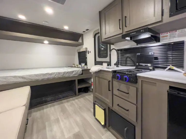 Check-In/Pickup time is 11:00 AM. Check out/ Return time is 11:00 AM. If you are looking to pick up a camper before 11:00 AM or have it delivered before 11:00 AM, you will need to select the "Early Pickup" add on when booking your unit. We will approve or deny the request based upon vehicle availability and preparation time. Unit return time is 11:00 AM. If you would like to return it after 11:00 AM, you would need to select the "late return option" and we will review the request to see if we can accommodate the late return.All of our campers kitchens are fully provisioned with essential cooking items.
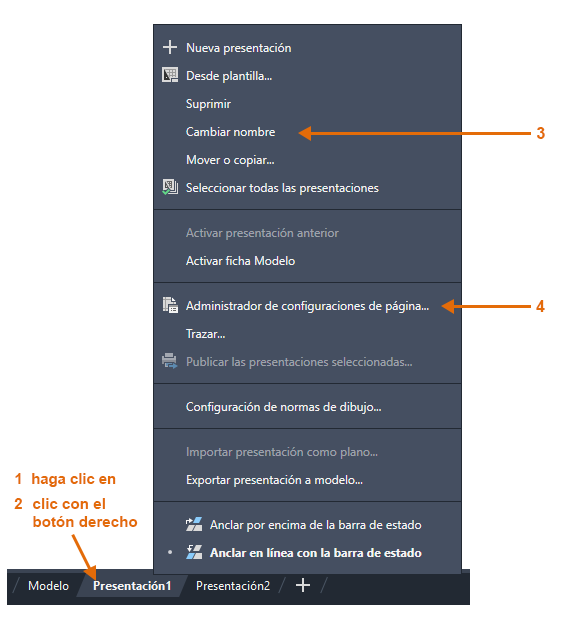Lo primero que debe hacer al acceder a una ficha Presentación (1) es hacer clic con el botón derecho en la ficha (2) y cambiar su nombre (3) por algo más específico que Presentación 1. Los nombres que hacen referencia a un tamaño ANSI o ISO específico podrían ser una buena opción.
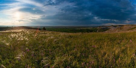 Spring landscape with wild flowers in steppe and clouds in sky. Floral meadow with grass, panorama, lowland
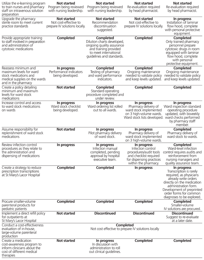 In 2009, 2 PSF-Canada pharmacist advisors (including R.V.) conducted an initial needs-based assessment. An original action plan was developed by PSF-Canada, in conjunction with the Lacor Hospital executive and pharmacy managers, consisting of 24 recommendations (Table 1). The aim of the action plan was to address and close the gaps between current and desired hospital pharmacy practice as envisioned by the 2008 Basel Statements (Table 2).
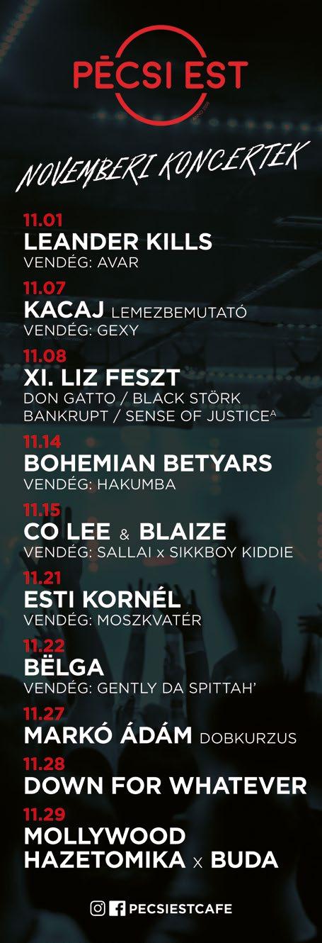 KAPCSOLAT: info@madeinpecs.hu, 06-20-598-0000 HIRDETÉS: Bite Orsolya bite.orsolya@madeinpecs.hu, Tel.: 06-20-3436000 KIADJA A MADE IN PÉCS KFT. (7621 Pécs, Kazinczy utca 1.) FELELŐS KIADÓ: Gellai Gergő SZERKESZTŐSÉG: 7621 Pécs, Király utca 35. NYOMDA: Duplex Rota Nyomdaipari Kft. (7631 Pécs, Északmegyer dűlő 4.)
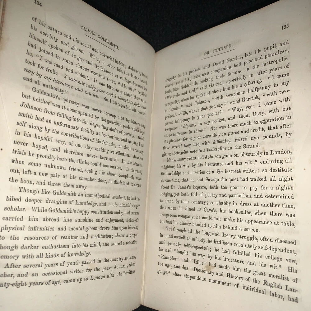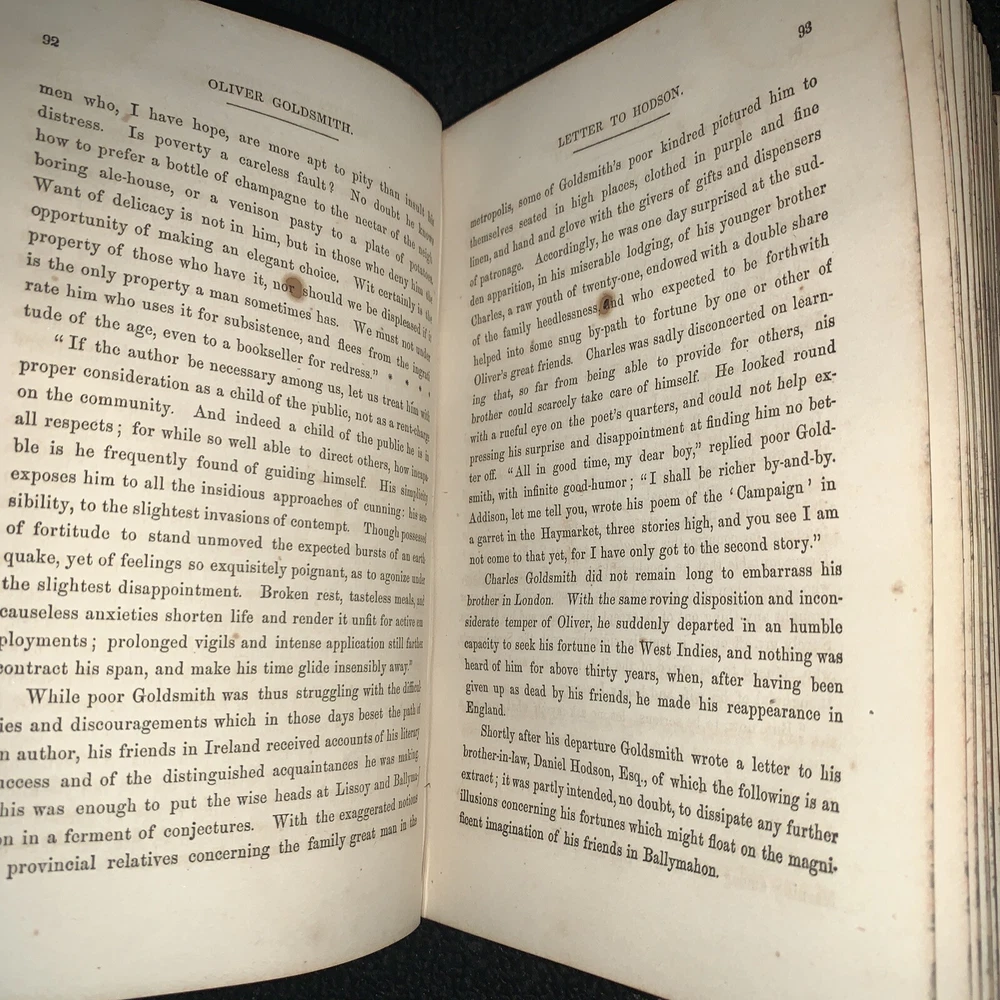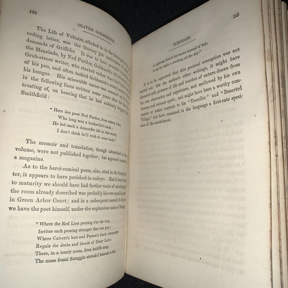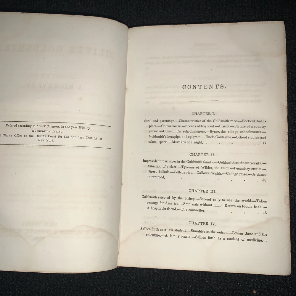 Oliver Goldsmith A Biography by Washington Irving 1855 Old Leather Book. Detached front cover, loose back cover, 382 pages. 7 1/2x5x1 1/4”. Please look at all pictures and ask any questions before purchasing. I do my best to show and describe all flaws so you know exactly what you are buying. I combine shipping on most orders. Follow my store for many more great books and deals. Thanks for looking and supporting my business! Inventory#639
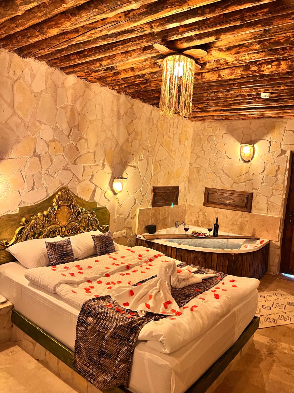 Kapadokya’da manzaralı, sakin ve ayrıcalıklı bir konaklama deneyimi için 303 Deluxe Jakuzili Balkonlu Oda sizleri bekliyor.
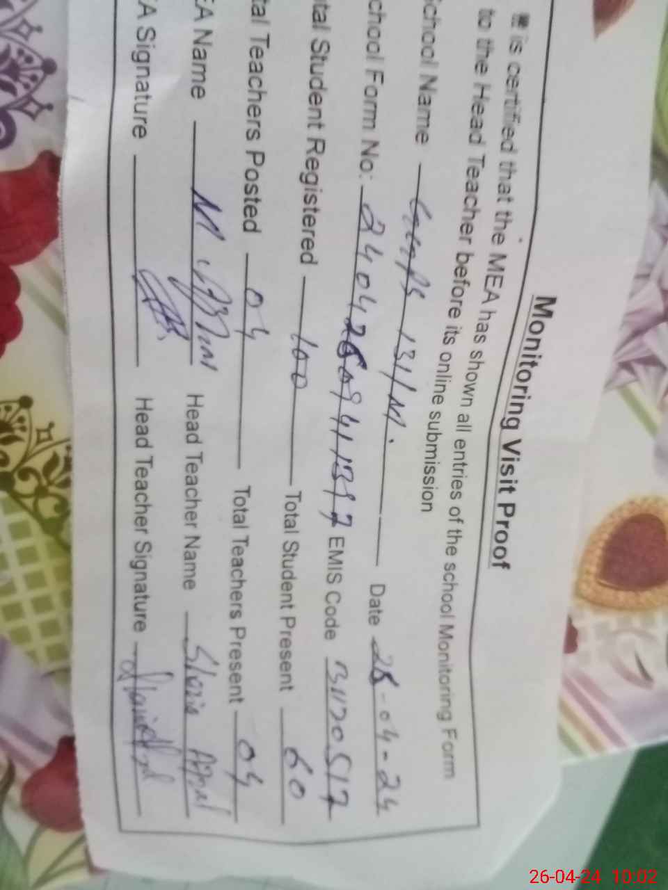 | Attendance Register | Head Teacher | MEA with School | Visit Proof |
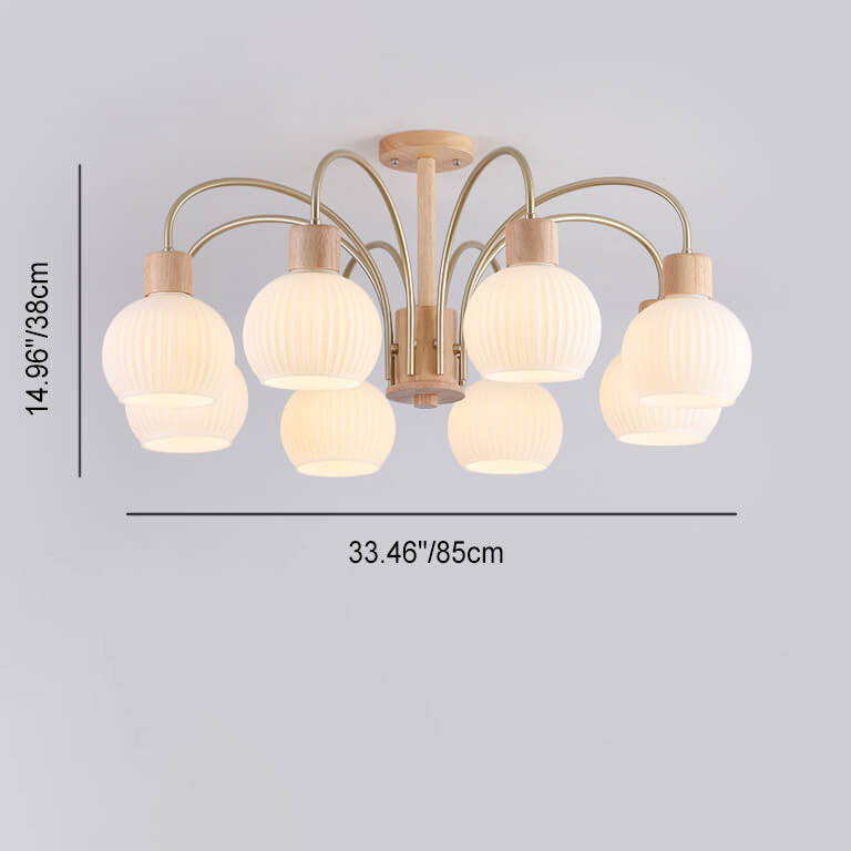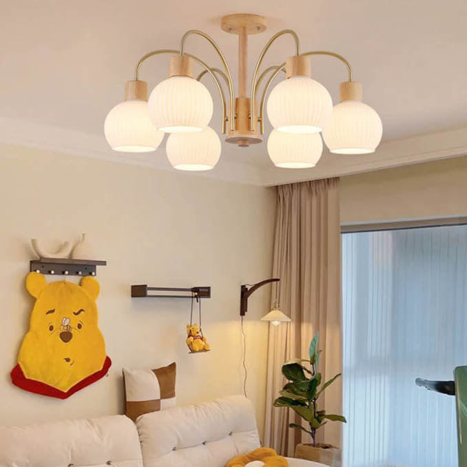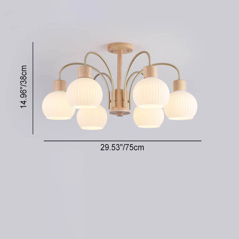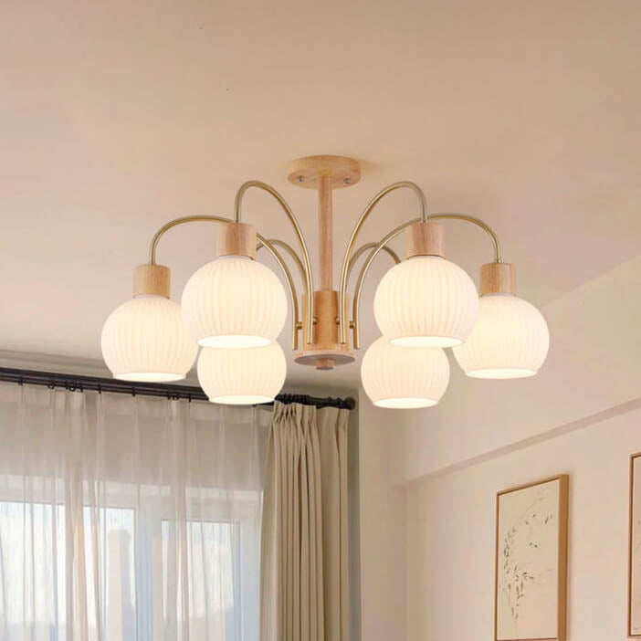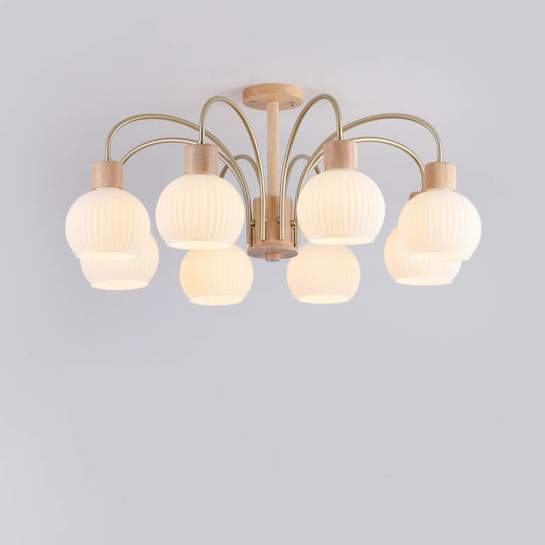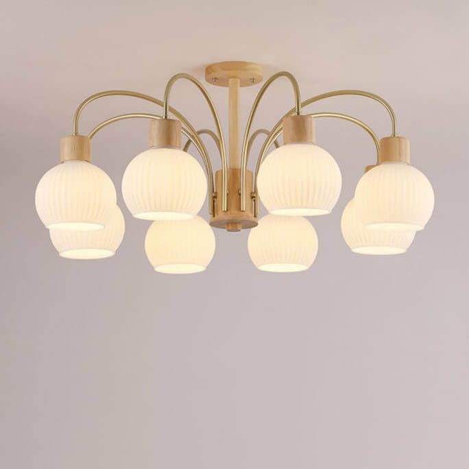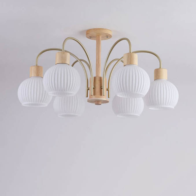 ثريا دائرية حديثة من الحديد والخشب الصلب والزجاج 6/8 ضوء
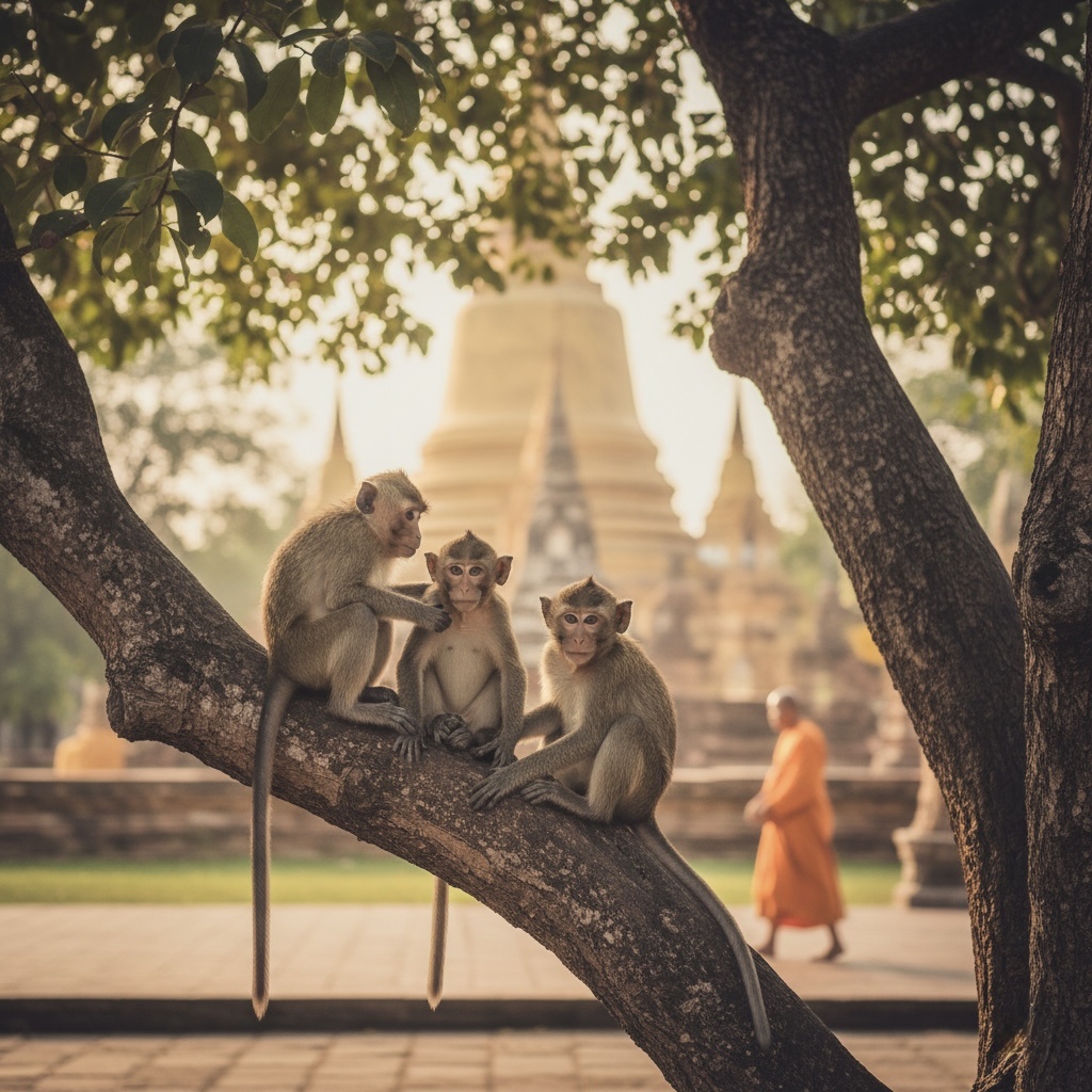 😎 настроение — 100%. Я взял завтрак с собой и решил поесть в парке у храма, где обитают десятки милых обезьян. Они так фотогенично сидели на деревьях, что я достал телефон… и вот тут начался сюжет фильма про ограбление. Стоило мне отвлечься на фото, как из кустов выскочил маленький пушистый ниндзя. С ловкостью акробата он прыгнул на лавку, схватил пакет с моим завтраком и… был таков! Я попытался вернуть своё имущество. Громко:
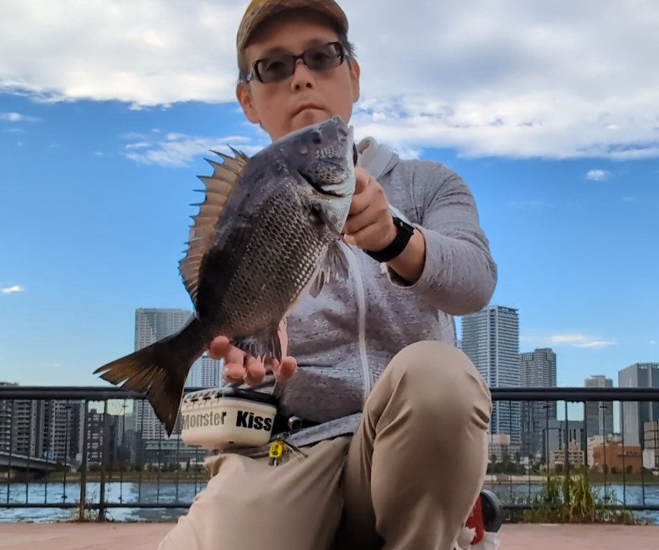 それでも何度目かのアタリをものにし大体2ヶ月ぶりの黒鯛の引きは格別。

• [What this task involves]:
Return word for word the lines of the listing above, starting at the line with "Lo primero que" and ending at the line with "ثريا دائرية حديثة", both included. Pictures do not belong in the copy.

• [Response to the task]:
Lo primero que debe hacer al acceder a una ficha Presentación (1) es hacer clic con el botón derecho en la ficha (2) y cambiar su nombre (3) por algo más específico que Presentación 1. Los nombres que hacen referencia a un tamaño ANSI o ISO específico podrían ser una buena opción.
 Spring landscape with wild flowers in steppe and clouds in sky. Floral meadow with grass, panorama, lowland
 In 2009, 2 PSF-Canada pharmacist advisors (including R.V.) conducted an initial needs-based assessment. An original action plan was developed by PSF-Canada, in conjunction with the Lacor Hospital executive and pharmacy managers, consisting of 24 recommendations (Table 1). The aim of the action plan was to address and close the gaps between current and desired hospital pharmacy practice as envisioned by the 2008 Basel Statements (Table 2).
 KAPCSOLAT: info@madeinpecs.hu, 06-20-598-0000 HIRDETÉS: Bite Orsolya bite.orsolya@madeinpecs.hu, Tel.: 06-20-3436000 KIADJA A MADE IN PÉCS KFT. (7621 Pécs, Kazinczy utca 1.) FELELŐS KIADÓ: Gellai Gergő SZERKESZTŐSÉG: 7621 Pécs, Király utca 35. NYOMDA: Duplex Rota Nyomdaipari Kft. (7631 Pécs, Északmegyer dűlő 4.)
 Oliver Goldsmith A Biography by Washington Irving 1855 Old Leather Book. Detached front cover, loose back cover, 382 pages. 7 1/2x5x1 1/4”. Please look at all pictures and ask any questions before purchasing. I do my best to show and describe all flaws so you know exactly what you are buying. I combine shipping on most orders. Follow my store for many more great books and deals. Thanks for looking and supporting my business! Inventory#639
 Kapadokya’da manzaralı, sakin ve ayrıcalıklı bir konaklama deneyimi için 303 Deluxe Jakuzili Balkonlu Oda sizleri bekliyor.
 | Attendance Register | Head Teacher | MEA with School | Visit Proof |
 ثريا دائرية حديثة من الحديد والخشب الصلب والزجاج 6/8 ضوء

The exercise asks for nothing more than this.